TO DO –
Consider the listing below. Extract exactly the lines from the line containing "胡散臭い通販商品みたいなあだ名 | 『モテモテ間違いなし霊験あらたかなお札…その名も「こじょうななみ」』 |" to the line containing "2) 반경 제한 기능은", both included.

DATASET RECORDS –
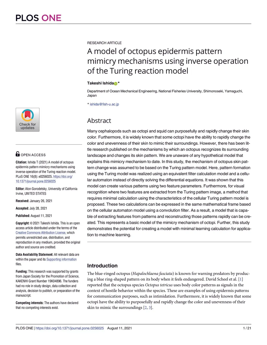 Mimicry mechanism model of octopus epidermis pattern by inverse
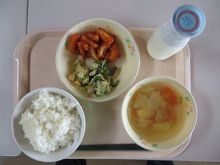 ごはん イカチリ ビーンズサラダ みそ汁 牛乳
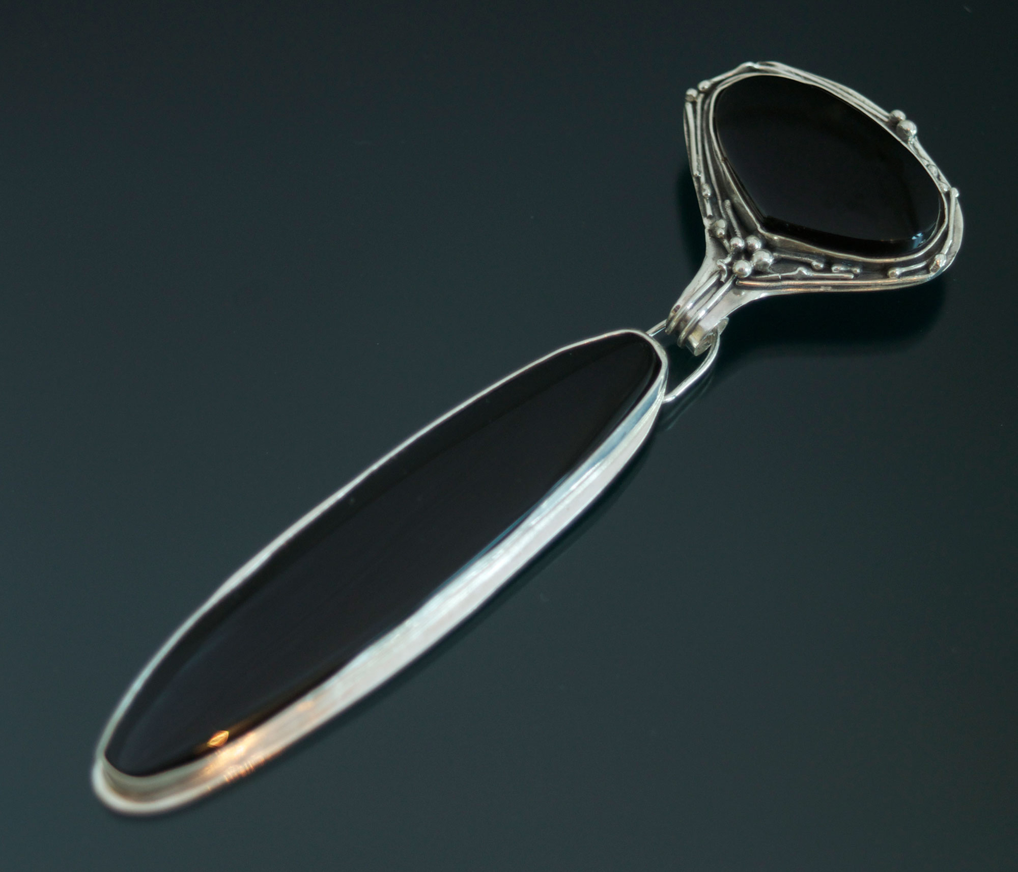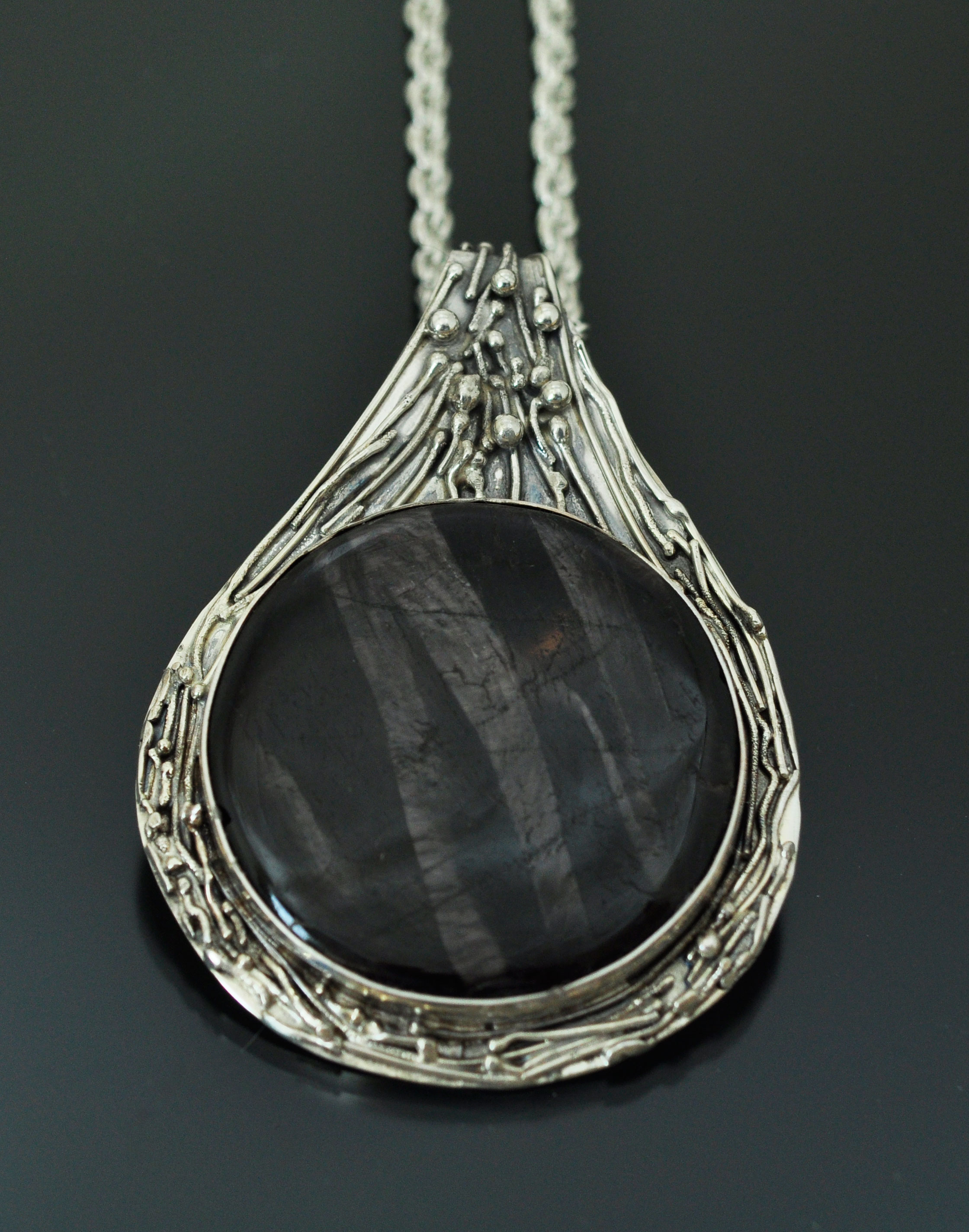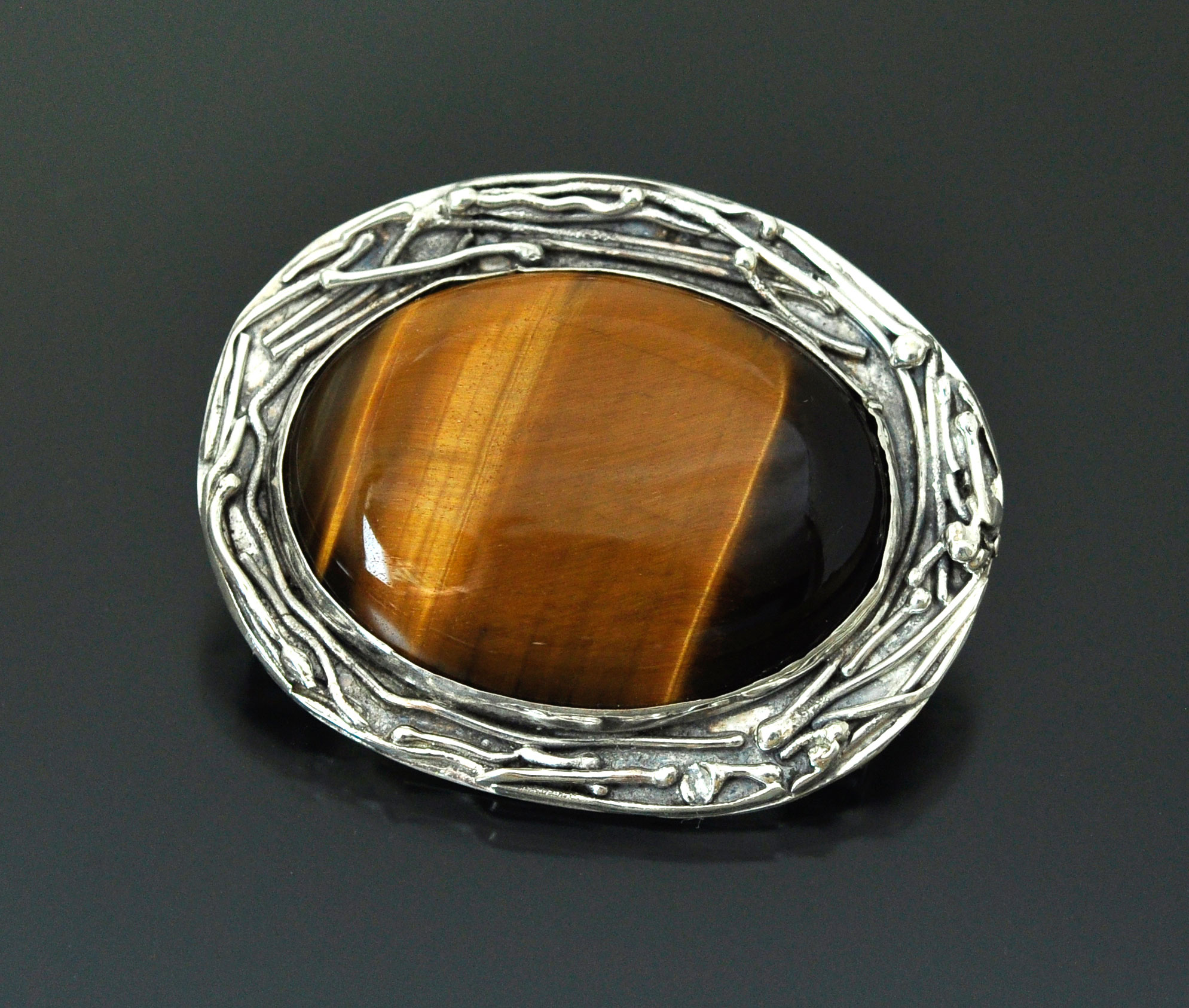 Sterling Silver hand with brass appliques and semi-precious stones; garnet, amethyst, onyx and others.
---
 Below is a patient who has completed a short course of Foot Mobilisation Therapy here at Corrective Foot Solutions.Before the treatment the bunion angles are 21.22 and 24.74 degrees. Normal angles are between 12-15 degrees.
* * *
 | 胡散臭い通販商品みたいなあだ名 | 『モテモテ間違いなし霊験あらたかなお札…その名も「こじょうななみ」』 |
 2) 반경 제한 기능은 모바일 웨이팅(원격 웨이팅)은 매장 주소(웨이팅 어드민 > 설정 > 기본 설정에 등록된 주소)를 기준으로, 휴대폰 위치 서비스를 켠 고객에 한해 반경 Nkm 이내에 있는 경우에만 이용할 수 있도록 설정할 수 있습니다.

SOLUTION FOR THIS TASK –
 | 胡散臭い通販商品みたいなあだ名 | 『モテモテ間違いなし霊験あらたかなお札…その名も「こじょうななみ」』 |
 2) 반경 제한 기능은 모바일 웨이팅(원격 웨이팅)은 매장 주소(웨이팅 어드민 > 설정 > 기본 설정에 등록된 주소)를 기준으로, 휴대폰 위치 서비스를 켠 고객에 한해 반경 Nkm 이내에 있는 경우에만 이용할 수 있도록 설정할 수 있습니다.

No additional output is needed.